Vietnam

from 3 July to 4 November 2018

The 2017 year was marked by several important donations for the Vietnamese collections of the Cernuschi Museum.

The first, a set of thirteen works from the fine arts schools of Cochin China (South Vietnam) and dating from the 1930 - 1940 years, was generously donated by Marcel Schneyder, son of Thérèse and René Schneyder, senior official in Indochine from 1924 to 1951. From 1935 to 1945, René Schneyder will be successively chief administrator of the province of Bạc Liêu, director of the offices of the government of Cochinchine, and chief administrator of the province of Gia Định.
Until now, the creations of the schools of applied arts of Cochin China were not represented in the collections of the museum. The Schneyder collection illustrates the work of the vegetable lacquer taught at the School of Thủ Dầu Một, the ceramic creations of the School of Biên Hòa and the drawing and engraving at the Gia Định School. . These three schools were founded respectively in 1901, 1903 and 1913 in order to encourage traditional Vietnamese handicrafts, while framing it to avoid the pitfall of a repetitive production that would obey only the demand of a growing European clientele, more eager for exoticism than aesthetics.
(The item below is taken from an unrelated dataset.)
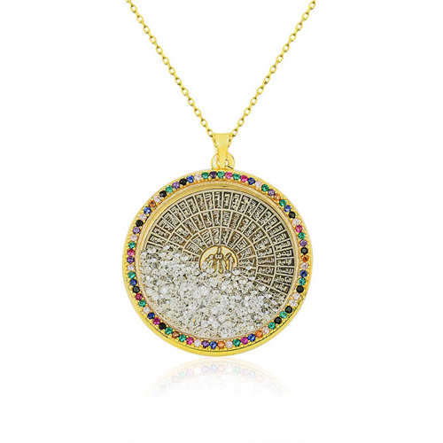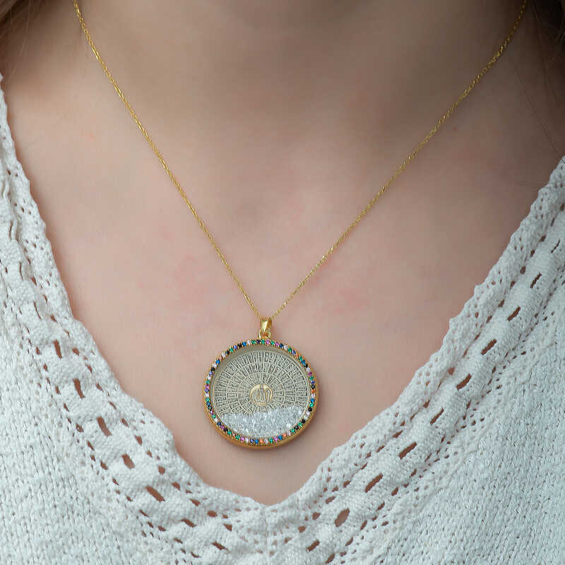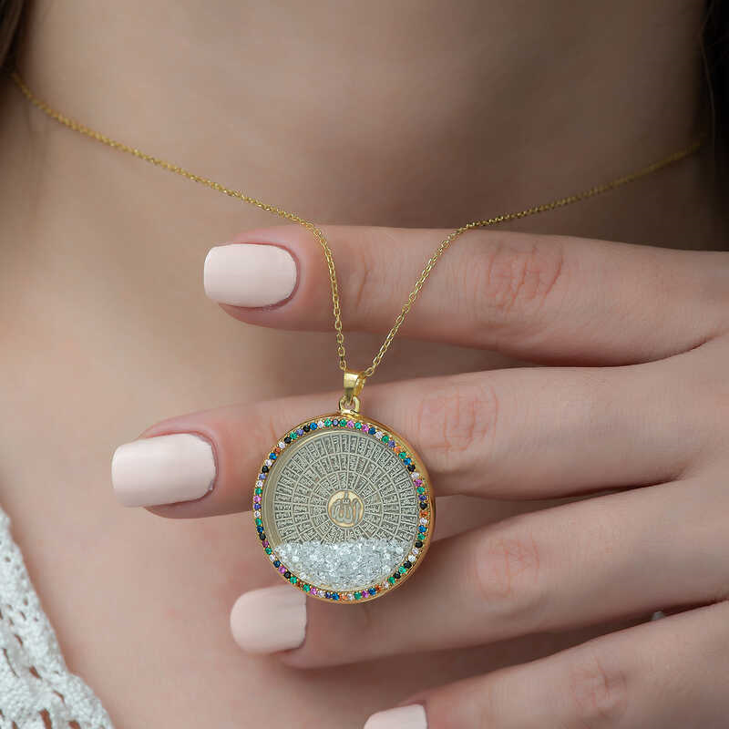 Esmaül Hüsna Women's Necklace with Mixed Stones Esmaül Hüsna is the name given to the ninety-nine names of Allah, which mean the most beautiful names. This wonderful necklace, on which Esmaül Hüsna is written and which has zircon stones inside and around it, is made of 925 sterling silver. Gold-plated silver. Gold-plated silver necklace models preserve their shine for a long time. The necklace chain is also silver and is 45 cm in length. This specially designed necklace is a perfect option for a birthday gift, Valentine's Day gift or a gift for mothers on special occasions. Like all our silver necklace models, the silver mixed stone Esmaül Hüsna necklace model is also handmade. Due to silver and precious stones, there may be a ± 10% deviation in the specified product weight. Width: 2.80 cm Length: 2.80 cm Average Weight: 10.10 gr.

Another very important gift, that of the Bathing from Mai Thứ, was made at the Cernuschi Museum by Mai Lan Phuong, daughter of the artist. Mai Thứ graduated from the first class of the Indochina School of Fine Arts. Returning to his artistic career offers us the opportunity to continue the history of the network of art schools of the Indochinese period and to evoke another career choice: that of Vietnamese artists who came to settle in France. Mai Thứ has had some notoriety in the 1960 and 1970 years, but until now, no public institution has kept any work of its own. Today, the Cernuschi Museum is pleased to present the Baignade, fruit of the artistic meeting between France and Vietnam.

A last set of works from a completely different register has come to enrich the Vietnamese archaeological collections: four jars, three of which presented during the hanging, are impressive pieces by their size, the quality and rarity of their decor.